NI: High Court finds video-taping strip searches has no basis in law
The High Court has allowed an application for judicial review of the Northern Ireland Prison Service’s policy to video-tape strip searches by force and retain the video for six years, finding that such a policy had no basis in law.
The applicant, Gerard Flannigan is a prisoner at HMP Maghaberry, and on 30 October 2014 was remanded in custody and subjected to a strip search by force, which was video-taped. In accordance with the prison’s policy, this video will be kept for six years.
A Governor at Maghaberry Prison averred that the applicant was a Class A prisoner, housed in the Separated Republican wing, and was engaged in an ongoing campaign to bring an end to full searches.
He further averred that prisoners from the Separated Republican wing had rendered full searches so dangerous that the prison staff’s Article 2 rights under the European Convention on Human Rights (ECHR) were engaged.
In addition, through the prisoners’ false and malicious allegations of physical and sexual assaults against staff, distress was caused to staff which engaged their Article 8 rights under the ECHR.
On the applicant first challenging the making and retaining of video-tapes, the Northern Ireland Prison Service had responded that it was prison service policy “to video record all planned use of force incidents to provide a record that is retained to safeguard both the prisoner and the staff involved where subsequent complaints or allegations are made.”
They averred that the “dignity of any subject is a key consideration and recording does not take place of any images deemed to be inappropriate and unnecessary. The recordings are also made for the prevention and detection of crime and images are retained in compliance with the Data Protection principles.”
The applicant then made an application for judicial review of the policy.
He alleged that the making and retaining of videos breached his rights under Article 3 of the ECHR by interfering with his right not to be subjected to degrading treatment, and his rights under Article 8 by interfering with his right to respect for private and family life.
Further, the policy was ultra vires by virtue of Rule 16(6) of the Prison and Young Offenders’’ Centre Rules (Northern Ireland) 1996, which stated that “A prisoner shall not be undressed, or required to undress, in the sight of another prisoner, or any persons other than the officers conducting the search, but a prisoner may be required to remove a hat, coat or overcoat.”
Treacy J considered alleged Article 8 breaches first. He accepted that searches involving the removal of clothing engaged Article 8, but were a justified exception under Article 8(2).
He then found that a video recording of such a search must separately be brought within the exceptions in order to be lawful.
Thus, it must be in accordance with the law, meaning that it should “have some basis in domestic law… be accessible to the person concerned, who must moreover be able to foresee its consequences for him, and compatible with the rule of law.’’ .

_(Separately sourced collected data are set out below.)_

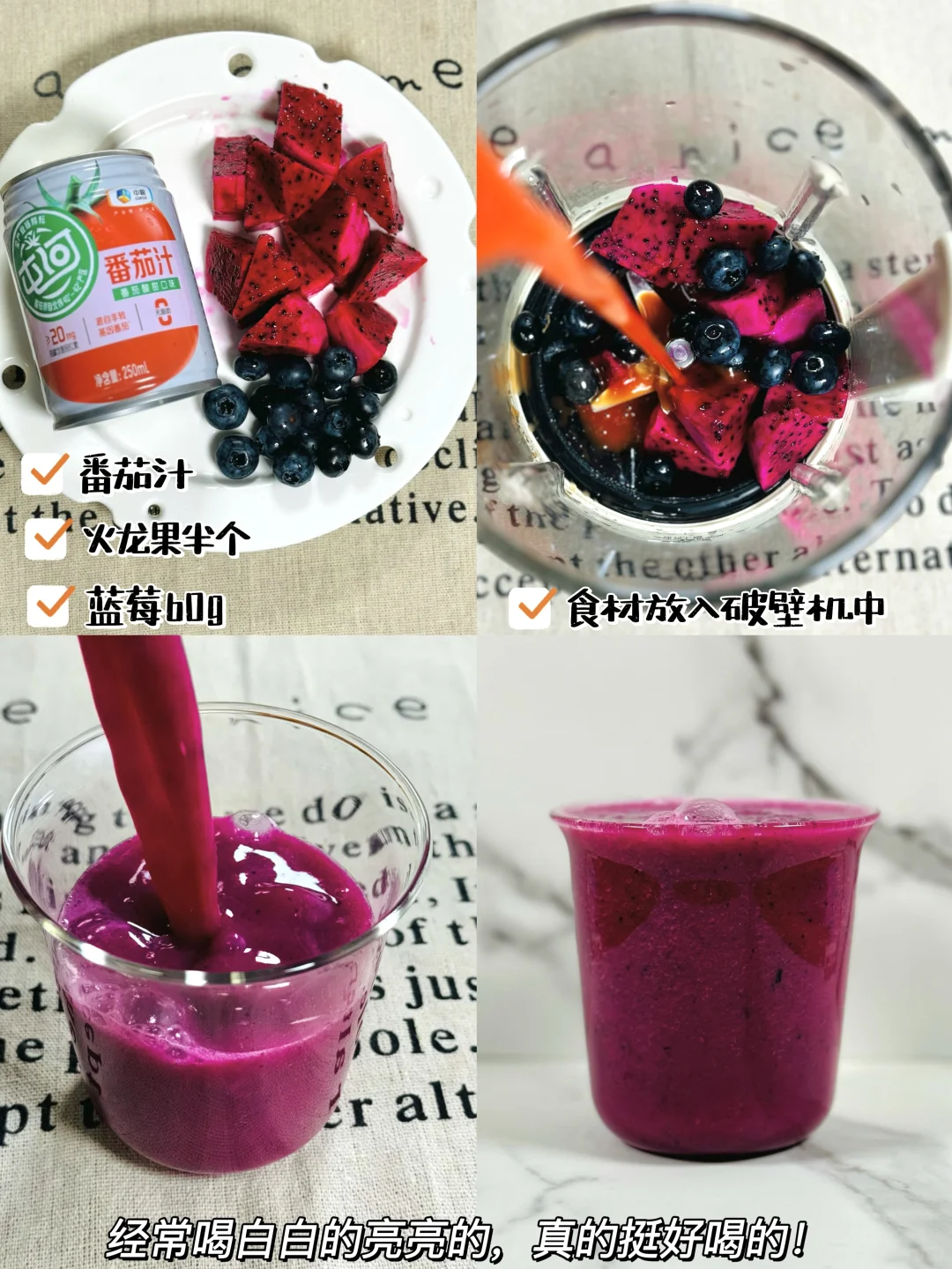 5️⃣番茄汁➕火龙果半个➕蓝莓60g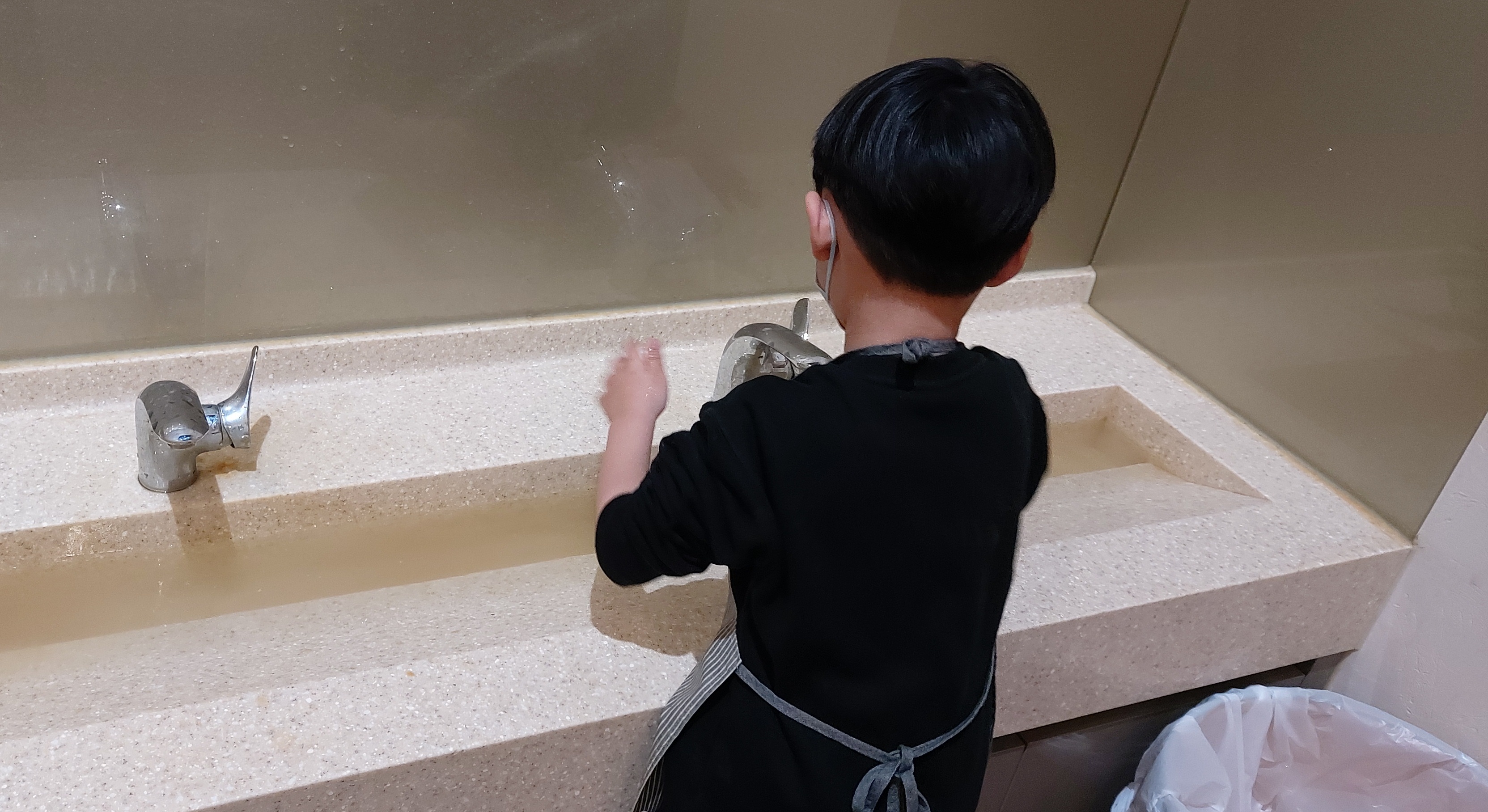 만들기 후 세면대가 있어서 깨끗하게 손을 씻어요.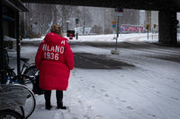 Storjackan En kvinna med en väldigt stor dunjacka väntar på bussen vid Ropsten.

It was found that the two rules suggested by the respondent as constituting “a basis in domestic law” for the policy of video recording full searches of prisoners were manifestly insufficient to provide such a basis.
The respondent had flagged Rule 116 of the Prison and Young Offenders’ Centre Rules (Northern Ireland) 1996, which refers to the duty of the Governor to be responsible for prisoners’ treatment according to law. However, Treacy J found that it made no provision for video recording.
The respondent had also flagged Rule 48A, which allow for any prisoner to be placed under constant observation by means of an overt closed circuit television system while the prisoner is in a cell or other place in the prison for the purposes of supervision.
However, Treacy J noted that the actual process by which the video-recording was carried out was by human-operated, handheld cameras, and its function was beyond supervision – having instead the character of an active protective / deterrent purpose and effect.
Thus, he concluded that “in the absence of any proper basis in domestic law the recording of the search and its retention and the policy under which it was carried out, are not ‘’in accordance with law’’ and therefore not a justified interference with the Applicant’s Article 8 rights.”
The application for judicial review was therefore allowed.